The answer was found in Aplysia, a genus of sea slugs widely used in experiments on food reward mechanisms because they are easily grown in the lab and have a relatively simple central nervous system, with only about 10,000 neurons, yet are capable of remembering and learning. Neurons that always do the same thing can be located in different exemplars of Aplysia, which is impossible in rodents, Araujo explained.
“Experiments with Aplysia have shown that the connections between neurons change when an animal learns something new,” he said. “Eric Kandel used Aplysia as a model in his research.” Kandel, an Austrian-born American neuroscientist, won the 2000 Nobel Prize in Physiology or Medicine for research on learning and memory.
In studies using Aplysia, Araujo and collaborators found that the neurons in the equivalent of the gastrointestinal tract’s vagus nerve released dopamine and that this modified the animal’s behavior.
Based on this finding, the researchers decided to investigate whether the same phenomenon occurred in mammals, which have a large vagus nerve that passes through much of the body from the brain to the abdomen and contains motor and sensory fibers.
“Although the vagus nerve in mammals doesn’t contain dopamine, we believed it somehow participated in the release of this neurotransmitter by the brain in mammals, too. This inspired us to look at this group of cells in the gastrointestinal tract,” Araujo said.
Through experiments in which they stimulate sensory cells of the gastrointestinal tract of mice with a laser beam, the researchers plan to identify the signaling pathway that connects the gastrointestinal tract with the brain’s reward system in mammals.
“We want to describe this signaling pathway and to manipulate and acquire control over the sensory cells of the gastrointestinal tract, so that gastrointestinal sensations can be created experimentally using laser stimulation, for example,” Araujo said.
Preliminary results of the experiments indicate that laser stimulation of these cells activates the brain’s reward system, according to Araujo. “The classical understanding of the vagus nerve is that it acts to restrict consumption,” he said. “But actually, it tells the brain that an important event has occurred. The animal remembers this later and acts accordingly.”

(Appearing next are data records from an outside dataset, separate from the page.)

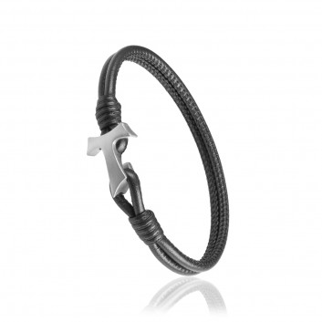 Real black leather hand made HUMILIS bracelet with satin rhodium plated 925 sterling silver Tau cross clasp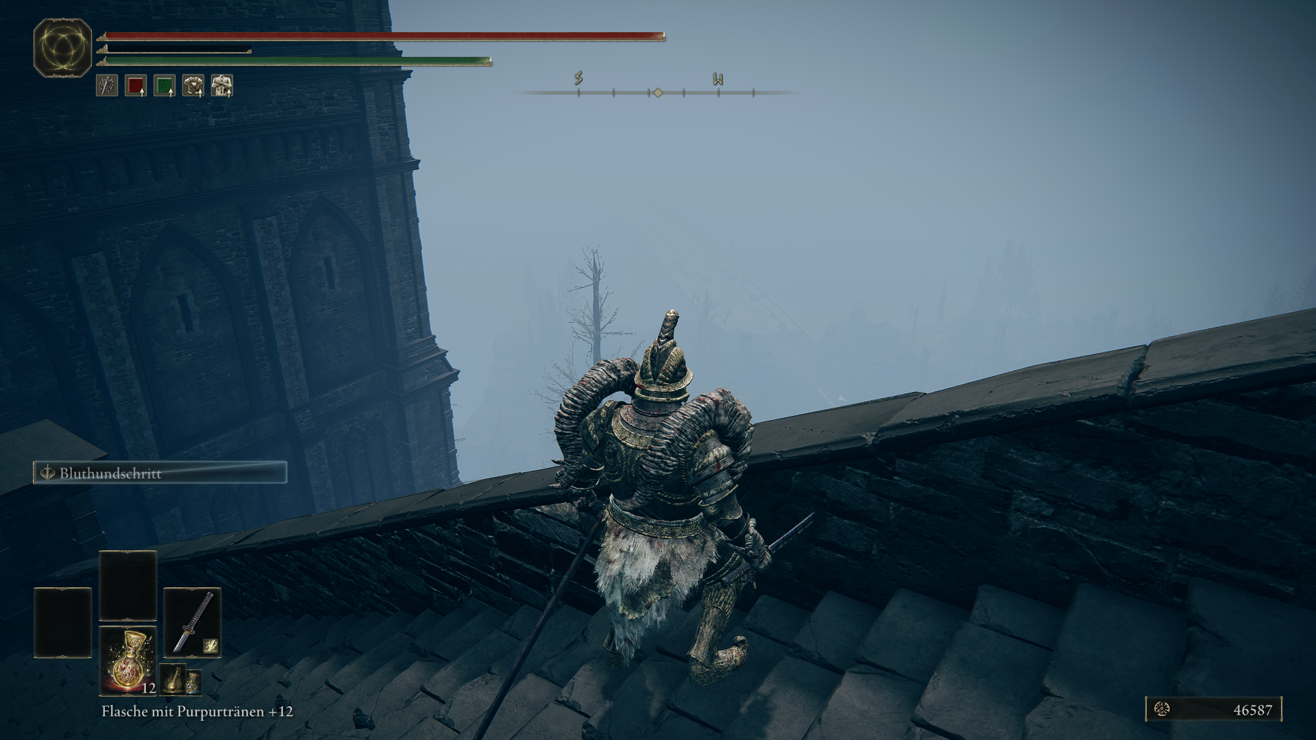 Die Aussicht auf dem folgenden Bild, ich frag mich wer bei From Software dachte es wäre eine gute Idee so einen "Nebel" an dieser Stelle zu setzen, es ist noch nicht mal ein richtiger Nebel, es ist einfach Blau.
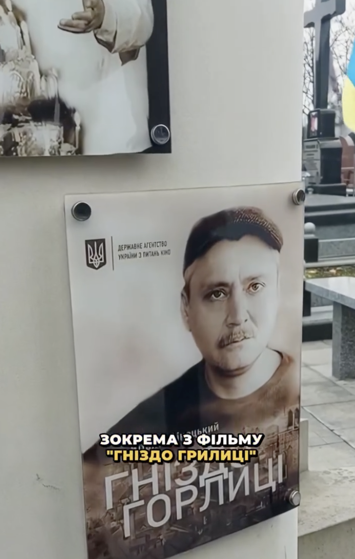 По его словам, это один из самых оригинальных памятников, которые можно увидеть в Украине. Именно так увековечили актера Виталия Линецкого. На надгробии — кадры из его фильмов и театральные афиши, напоминающие о его творчестве, которое затронуло тысячи зрителей. В частности, можно увидеть фильм "Гнездо горлицы".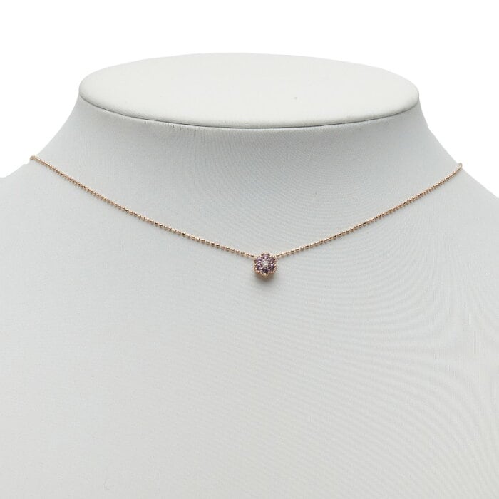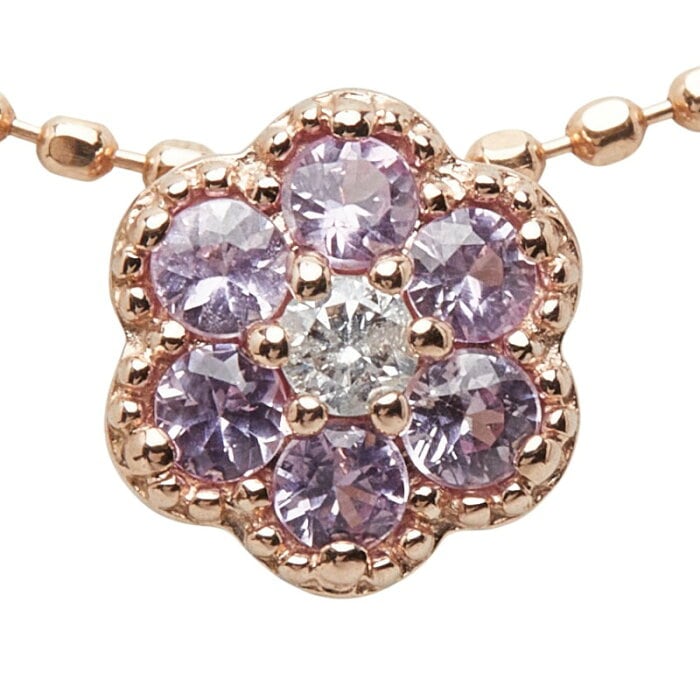 K10PG ピンクゴールド ダイヤ ピンクサファイア フラワーモチーフ ペンダント ネックレス レディース 【中古】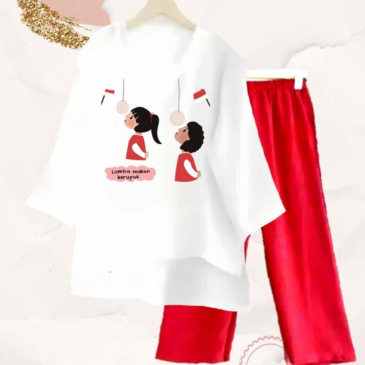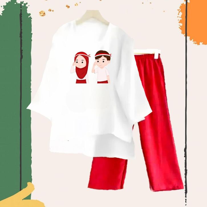 Setelan Baju Anak 17 Agustus STELAN ANAK PEREMPUAN SPESIAL HUT RI 79 TAHUN BAJU AGUSTUSAN Lengan panjang Celana Pakaian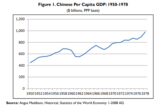 Un chiffre pour vous : sous Mao, le PIB en PPA par habitant (c'est-à-dire par personne) de la Chine a été multiplié par environ 2,5 fois, passant d'un peu plus de 400 dollars au début des années 1950 à près de 1 000 dollars en 1978. Ces chiffres ne proviennent pas d'une "source communiste", ils sont tirés directement d'un rapport du Congressional Research Service, la branche de recherche du Congrès américain.

The discovery could pave the way to the development of foods that efficiently stimulate this group of sensory cells in the gastrointestinal tract in order to reduce caloric intake.
Araujo said the discovery of sensory cells in the gastrointestinal tract and the receptors they express could be the basis for the development of foods that maximize their activity so that the brain does not initiate compensatory behavior to contribute to an increase in caloric intake.